EXERCISE INSTRUCTIONS:
In the entries below, which lines run from the one with "我和媳妇都比较爱干净,所以锐" through the one with "Womens Probiotic with"? Repeat exactly those, both included, and no pictures.

DATASET RECORDS:

BEGIN

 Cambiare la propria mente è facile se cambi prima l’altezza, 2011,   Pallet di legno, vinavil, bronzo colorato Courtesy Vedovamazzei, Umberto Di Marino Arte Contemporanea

END
BEGIN

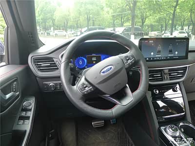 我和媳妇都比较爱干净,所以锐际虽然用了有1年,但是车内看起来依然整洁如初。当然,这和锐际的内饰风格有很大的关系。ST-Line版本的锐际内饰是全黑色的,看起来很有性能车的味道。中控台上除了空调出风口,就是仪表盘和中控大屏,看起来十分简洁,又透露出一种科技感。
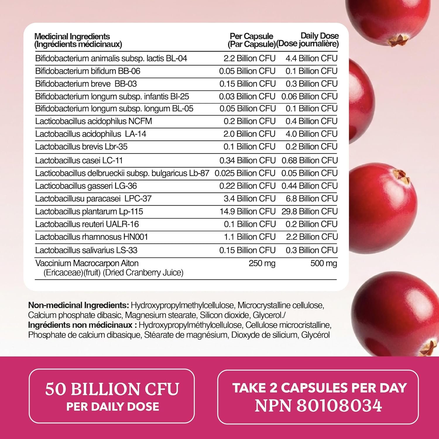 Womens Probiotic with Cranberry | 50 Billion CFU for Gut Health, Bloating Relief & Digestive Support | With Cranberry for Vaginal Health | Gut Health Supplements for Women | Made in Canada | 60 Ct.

END

TASK RESPONSE:
 我和媳妇都比较爱干净,所以锐际虽然用了有1年,但是车内看起来依然整洁如初。当然,这和锐际的内饰风格有很大的关系。ST-Line版本的锐际内饰是全黑色的,看起来很有性能车的味道。中控台上除了空调出风口,就是仪表盘和中控大屏,看起来十分简洁,又透露出一种科技感。
 Womens Probiotic with Cranberry | 50 Billion CFU for Gut Health, Bloating Relief & Digestive Support | With Cranberry for Vaginal Health | Gut Health Supplements for Women | Made in Canada | 60 Ct.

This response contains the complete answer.